Currently, the way storing and accessing data is performed is inefficient, especially for begginer data scientists, each practitioner having its own way of doing things. It is not always possible to store the whole dataset in RAM memory, so a usual approach is resorting to splitting each training instance in a separate file. Datasets comprised of many images or small files are very difficult to handle in practice (i.e., transferring the dataset through ssh, zipping takes a long time). Many files in a single folder can lead to performance issues on certain filesystems and lead to crashes.

## But how?
A simple way to overcome the issue of big dataset with many small instances is to store in RAM only the metadata and the index, and use a random access mechanism for big binary chunks of data on disk.

## Say what?
We make use of the native Python I/O operations of `f.seek()`, `f.read()` to read and write from large binary chunk files. We build a custom index based on byte offsets to access any training instance in O(1).
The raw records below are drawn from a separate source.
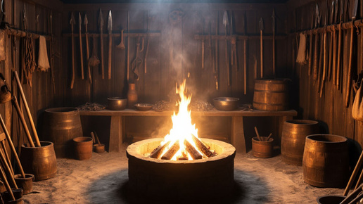 Кузница Кузница Коваля — не огромная пещера с водяным молотом. Это низкая, дымная землянка с горном, выложенным из камней. Воздух густой от угля и пота. Именно здесь, в тайной кузне, кузнецы рода Огнищан веками ковали оружие для Стражей. Не просто мечи, а клинки, закалённые в духе мастера...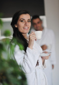 miłość młody para biorąc rano świeże o filiżankę kawy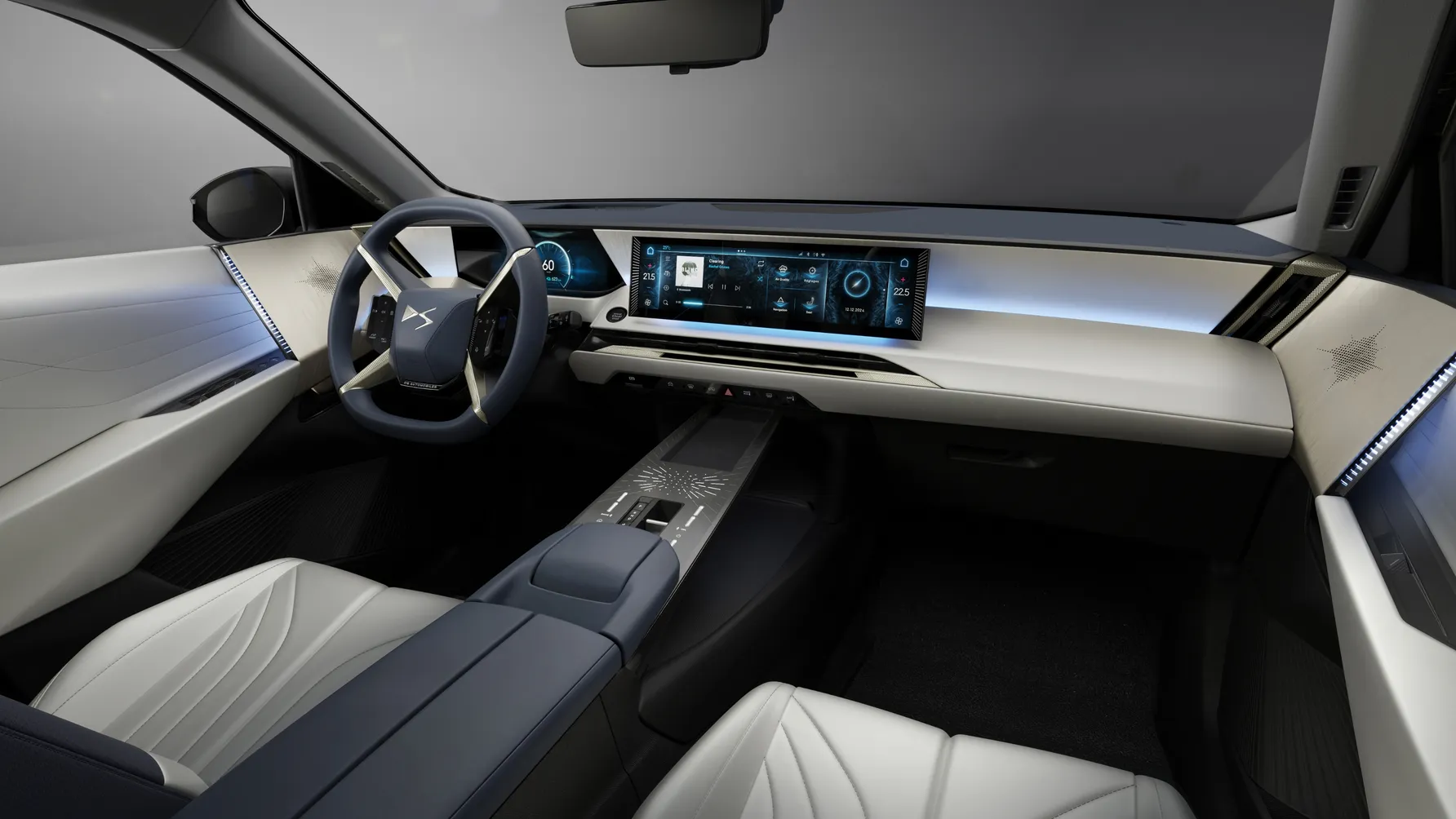 Unutrašnjost je jedan od glavnih razloga zašto DS vjeruje da može konkurirati etabliranim njemačkim rivalima. Kabina je inspirirana većim No8 modelom i kombinira digitalne zaslone s luksuznim materijalima. Središnje mjesto zauzima veliki 16-inčni ekran, uz 10-inčni zaslon za vozača, dok neobičan četverokraki upravljač dodatno naglašava originalnost. DS tradicionalno stavlja naglasak na detalje pa se u interijeru mogu pronaći kombinacije kože, Alcantare i aluminija, uz specifične uzorke i završne obrade koje podsjećaju na izradu luksuznih satova.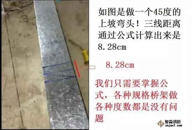 总结出来的公式:比如45度的坡度弯头,你只要记住这句话就知道怎么做了"爬坡45度,桥架高度乘以0.8中分划三条线为一个弯,斜边是爬坡高度乘以1.41,30度是桥架高度乘以0.8除以45乘以30中分划三条线为一个弯,斜边是爬坡高度乘以2水平90度弯是桥架宽度乘以0.8中分划线,斜边(内边)600以上200乘以1.41 600以下100乘以1.41"。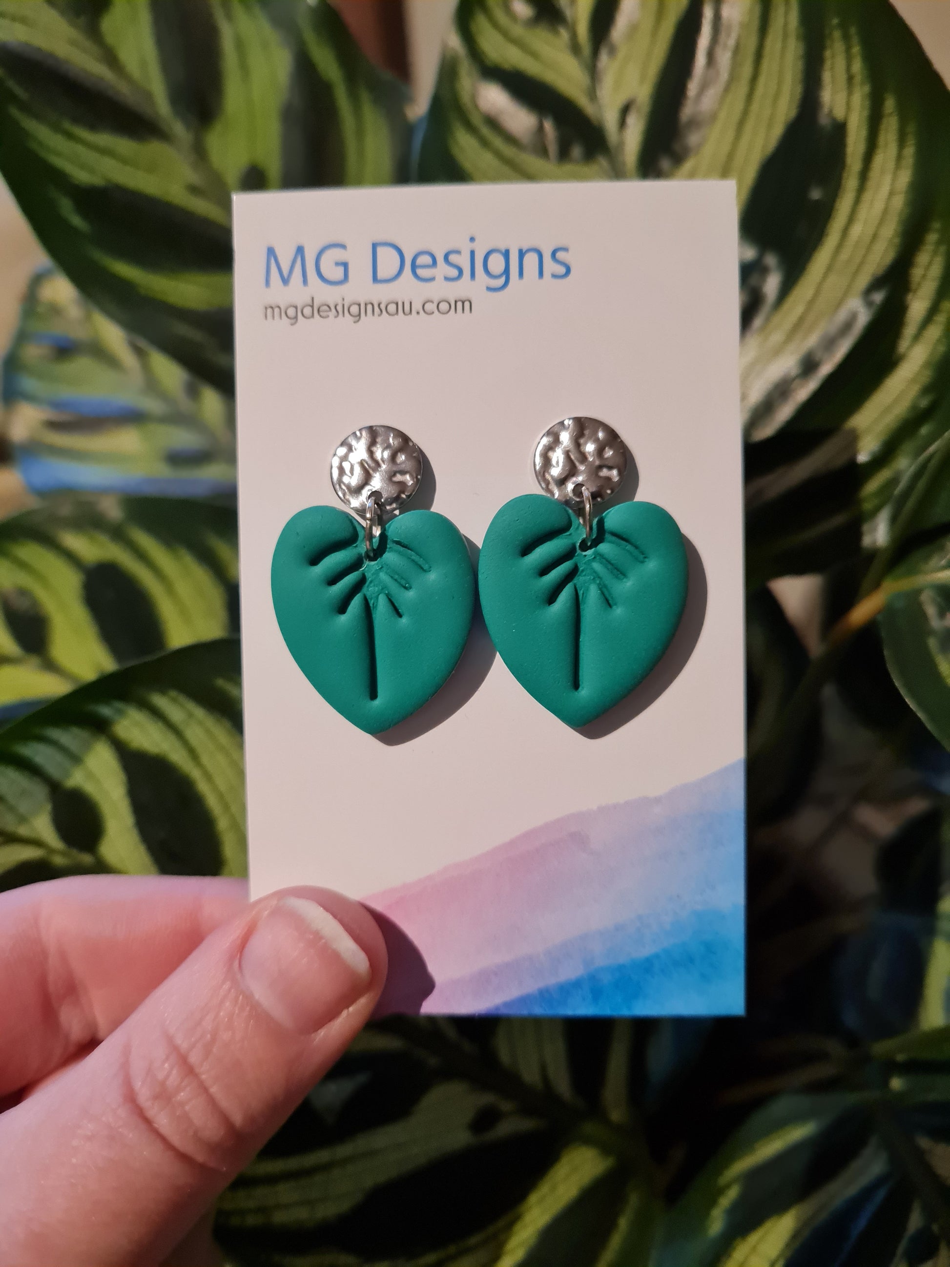 These Millie Earrings are the perfect accessory for the stylish plant lover. Sleek, designed with arrowroot leaf detailing, and available in a dark green hue, these earrings are sure to add a subtle yet bold touch to any look.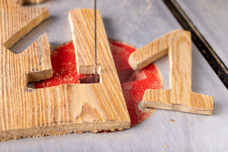 Cutting wood with a table jigsaw. Cutting complex shapes in a wooden board. Workshop workplace.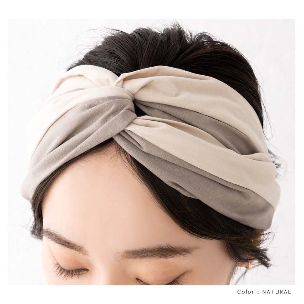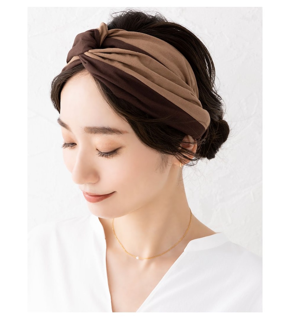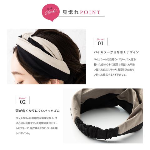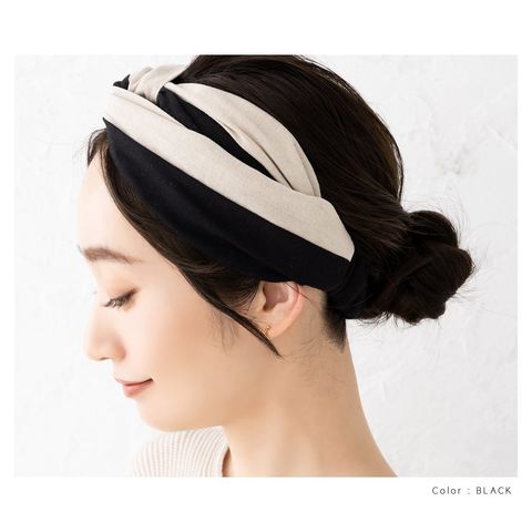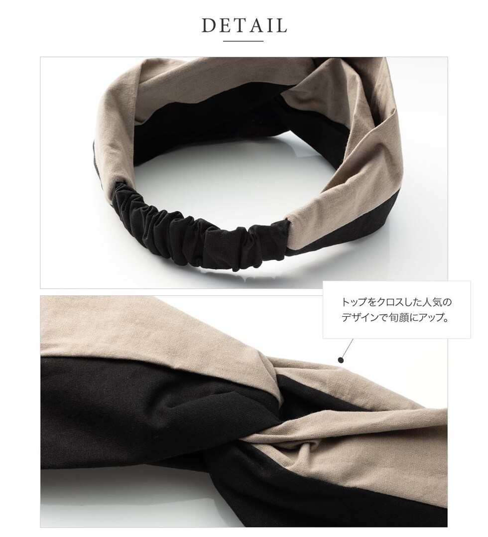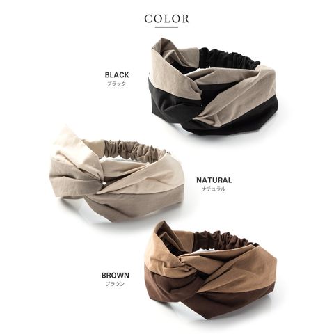 バイカラーが目を惹くヘアターバン。落ち着いた色味のみの展開で黒髪にも明るい髪にも自然にマッチ。髪型が決まらない時にも重宝するアイテムです。
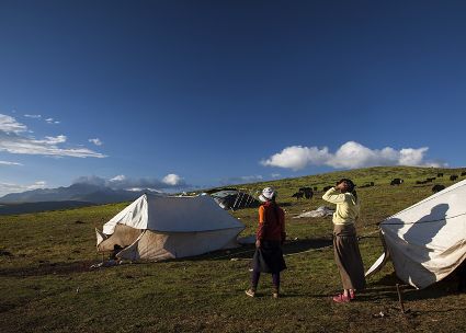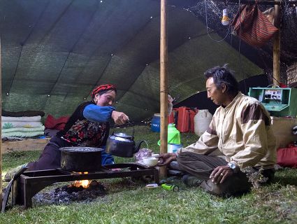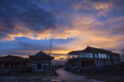 悄然而至的晨曦,隱藏著太古未盡消遁的光芒。揚(yáng)天的旌旗纏成不倒的箭桿,曾經(jīng)的故事還沒走出夢中。草原的安謐,輕輕地?fù)嵛恐届o的牛群。奶香已浸漫晨的清新中,擠奶的姑娘臉頰已鍍上了紅霞的光暈。天地間的沉靜,只等待著第一聲牛哞的響起……草原的清晨,朝陽光臨的一刻,酥油和奶汁的淳香會(huì)醉倒那一片草色碧透的天地。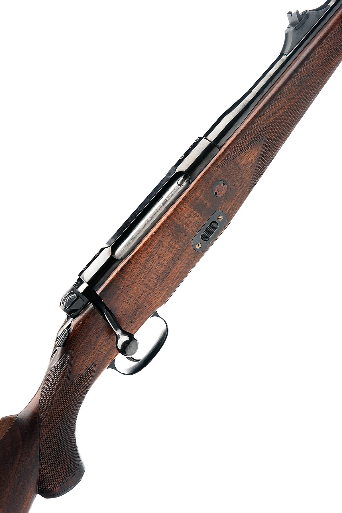 MAUSER-WERKE OBERNDORF GmbH 7MM REM. MAG. 'MODEL 77' BOLT-MAGAZINE SPORTING RIFLE, serial no. 01767, for 1980, 25 3/4in. nitro barrel with block-mounted open sights and ramp-mounted bead fore-sight, receiver tapped for telescopic mount bases, recoil block, detachable magazine, pistolgrip stock with cheekpiece, comb addition, steel pistolgrip-cap (with trap), 14 1/2in. pull including 1 3/8in. wooden extension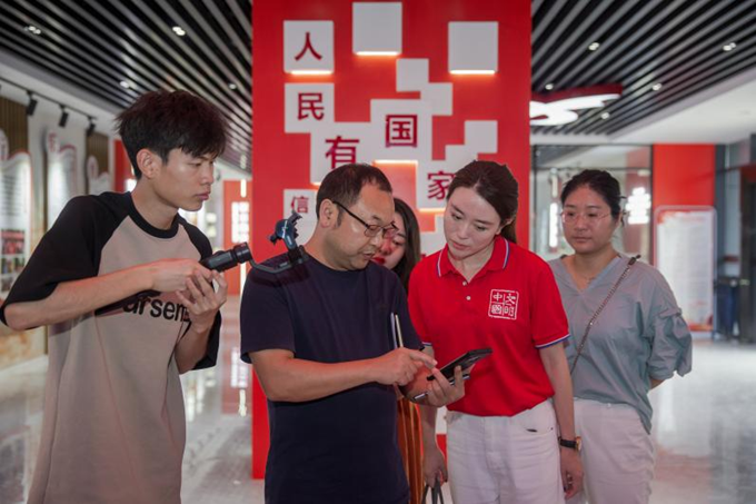 7月24日,游客正在参观湖北省荆门市东宝区非物质文化遗产展示馆。新华网 钟奕 摄

Chunks can be `mmap()`-ed into RAM if memory is available to speed up I/O operations.

# Installation

Install the pypi package via pip:

```bash
pip install -U acumenindexer
```

Alternatively, install directly via git:
```bash
pip install -U git+https://github.com/cosmaadrian/acumen-indexer
```

# Usage

## Building an index

```python

def data_read_fn(path):
    # read image from file
    image = cv2.imread(path) # or something like this

    # must return (data:numpy.ndarray, metadata:dict)
    return image, x

file_names = [x for x in os.listdir('images/')]

ai.split_into_chunks(
    data_list = file_names,
    read_fn = data_read_fn,
    output_path = 'my_data',
    chunk_size_bytes = 5 * 1024 * 1024, #5MB
    use_gzip = False,
    dtype = np.float16,
    n_jobs = 1,
)
```

## Reading from index

```python
import numpy as np
import acumenindexer as ai

the_index = ai.load_index('index.csv') # just a pd.DataFrame

# in_memory = False reads directly from chunk in O(1) using f.seek()
# in_memory = True uses mmap to map the data into RAM
read_fn = ai.read_from_index(the_index, dtype = np.float16, in_memory = True, use_gzip = False)

for i in range(10):
    data = read_fn(i)
    print(data) # contains both metadata and actual binary data
```

## Use with PyTorch Datasets

```python
from torch.utils.data import Dataset
import acumenindexer as ai

class CustomDataset(Dataset):
    def __init__(self, index_path):
        self.index = ai.load_index(the_index, dtype = np.float16, in_memory = True, use_gzip = False)
        self.read_fn = ai.read_from_index(self.index)

    def __len__(self):
        return len(self.index)

    def __getitem__(self, idx):
        data = self.read_fn(idx)
        return data

```

# License
This repository uses [MIT License](LICENSE).